Bitcoin ed il suo affondo sotto i 30 mila euro, pari ad appena 32 mila dollari, hanno fatto tremare i maggiori investitori che hanno visto il BTC affondare in un rosso abisso, che ha fatto perdere alla cripto con la maggiore dominance oltre il 46% in un anno.

Bitcoin in rosso: il ruolo dei colossi nel crollo della criptovaluta

A far quasi perdere le speranze è stata la rottura del supporto dei 38 mila dollari e l’attuale oscillazione nel range che va dai 29-30 mila dollari a far pensare male gli analisti che vedono il bitcoin diretto verso sud, precisamente a quota 17 mila, dove completerebbe la figura della “testa e spalle”, che segna un’importante inversione del trend.



Se pensiamo che il massimo del bitcoin è stato di 68990 mila dollari, capiamo che bitcoin ha quasi dimezzato la sua migliore performance annuale e, con la progressiva riduzione della capitalizzazione di mercato, dobbiamo supporre che grossi colossi abbiano deciso di trarre profitto: in questi grossi ribassi stagionali del bitcoin infatti, gli investitori singoli e utenti privati hanno un ruolo marginale. La gran parte del capitale cripto messo in vendita spesso è di grossi fondi o mining farm.

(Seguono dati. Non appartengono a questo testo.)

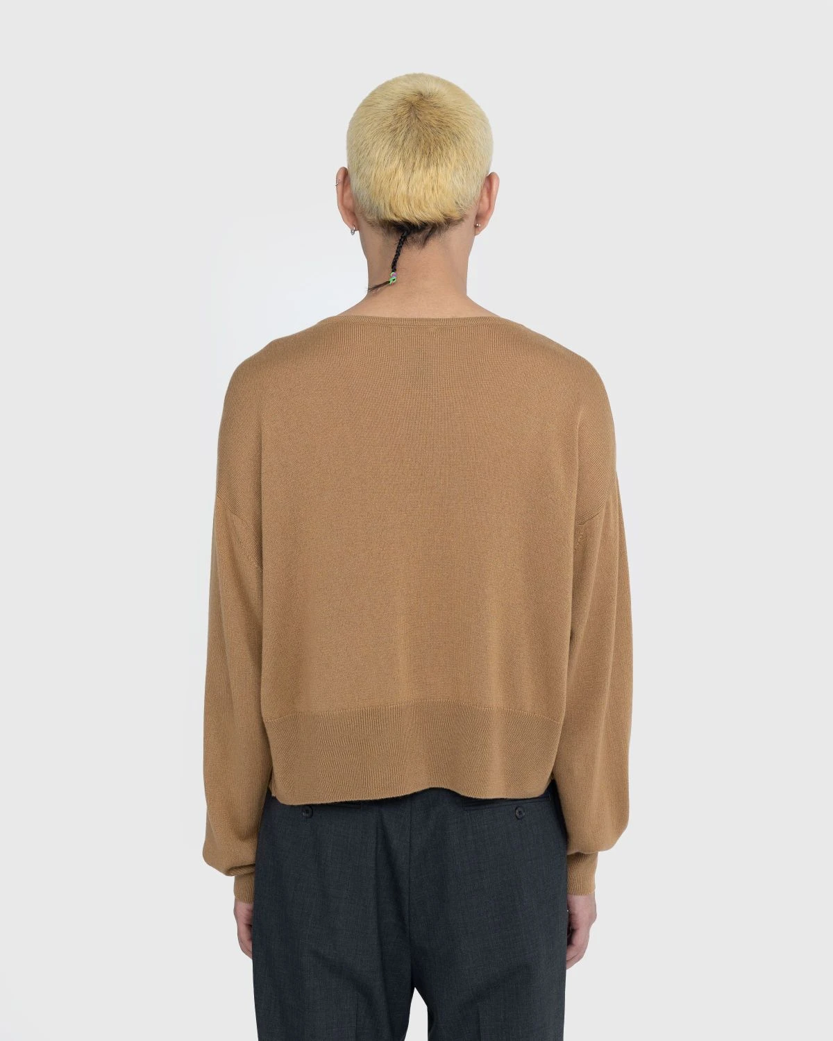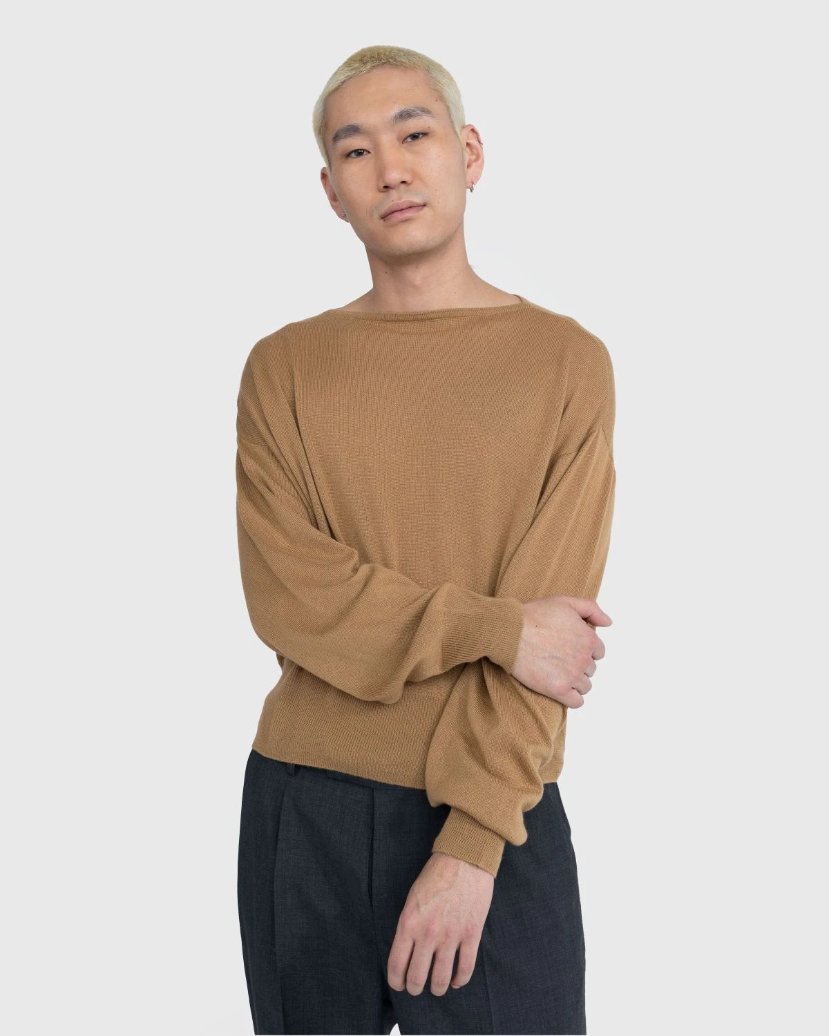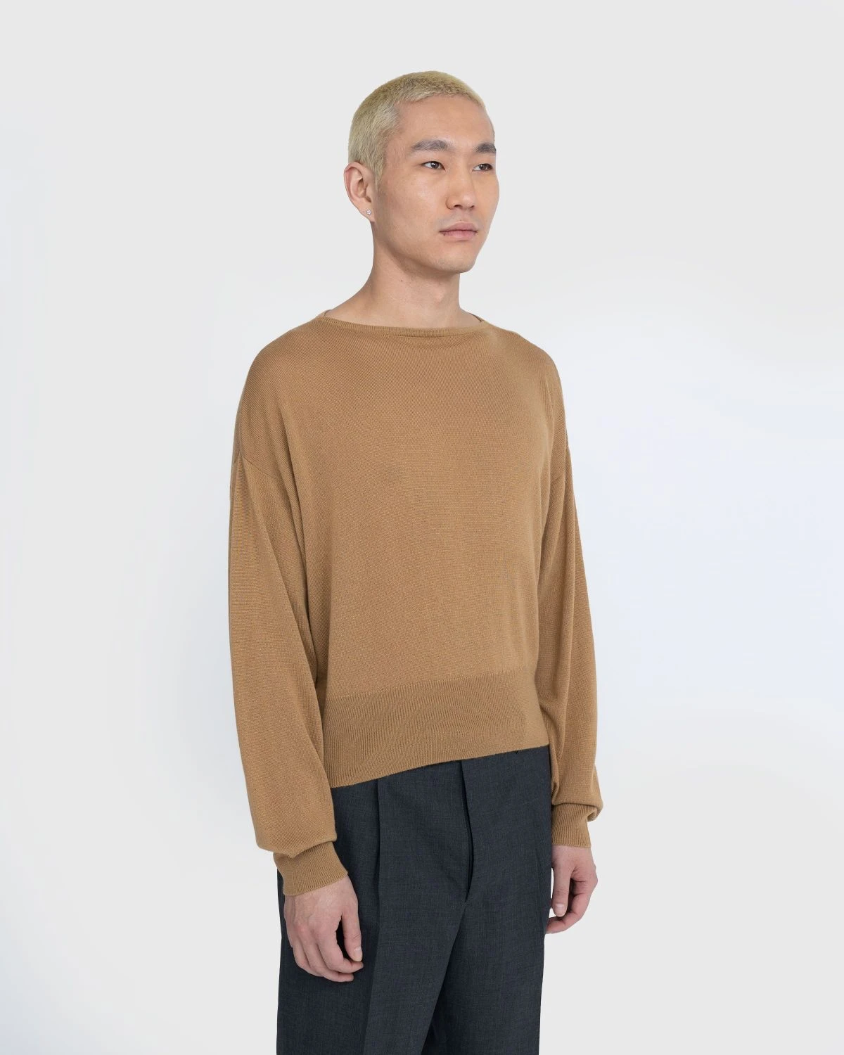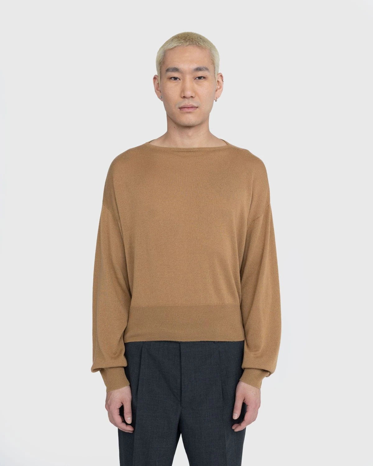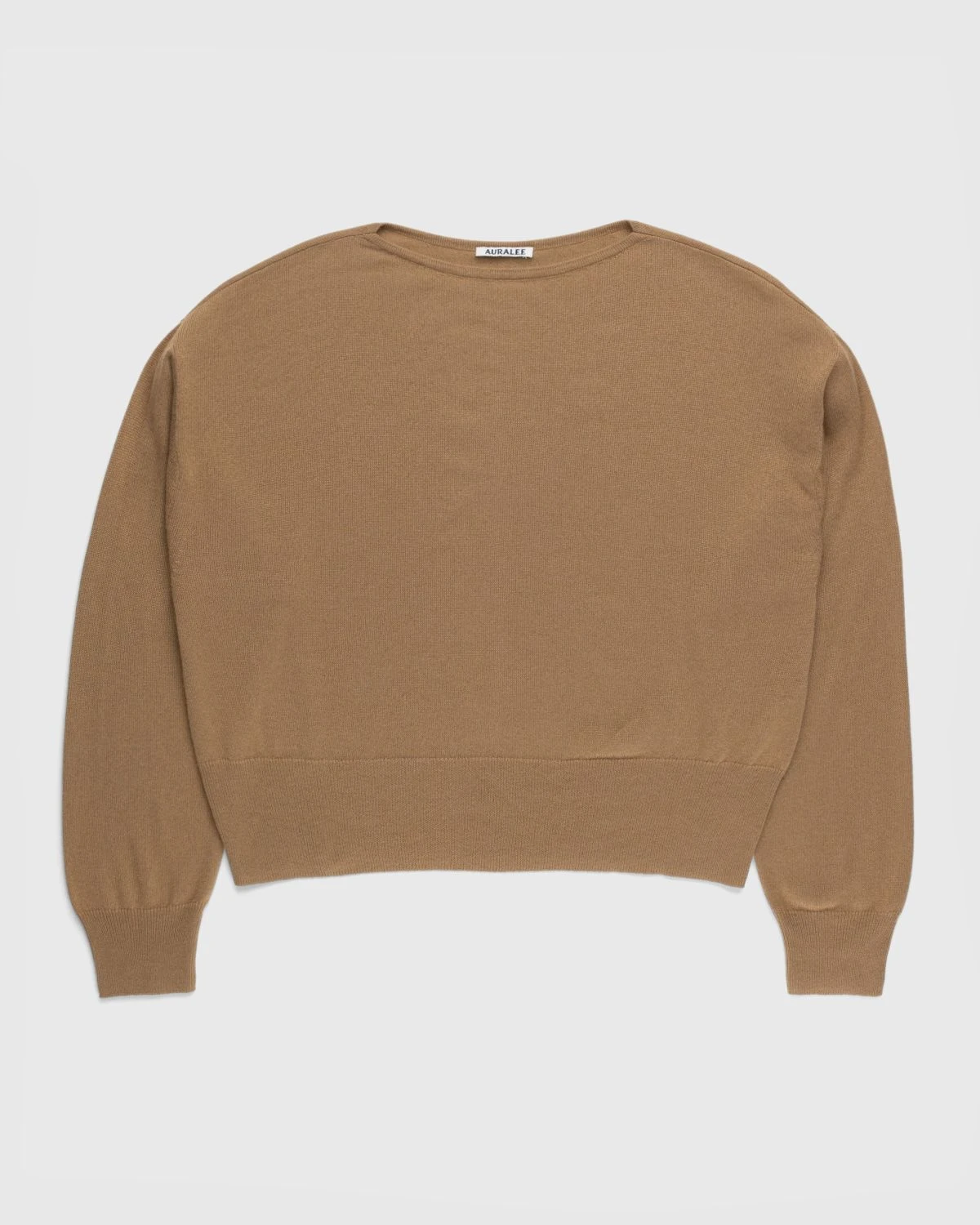 This Auralee knit is crafted from washable silk and cashmere yarn that is characterized by its smooth texture, the luster of the cashmere silk, and the lightness of the raw material. Featuring a boat neck, the cozy pullover is detailed with ribbed trims at the cuffs and hem, while being cut in a relaxed, boxy fit with elongated sleeves.

Bitcoin in rosso: le crisi stagionali ed i recuperi

Tuttavia, stando alle ipotesi dobbiamo dire che la stagionalità dei ribassi del bitcoin va avanti da ormai un decennio. E’ ragionevole ipotizzare dunque che, una volta rotto il supporto/resistenza dei 27 mila dollari (e siamo ad un passo), il BTC potrebbe affondare a 17 mila dollari. Il recupero e la risalita verso nuovi massimi potrebbe durare anni, anche tre anni o non capitare mai più.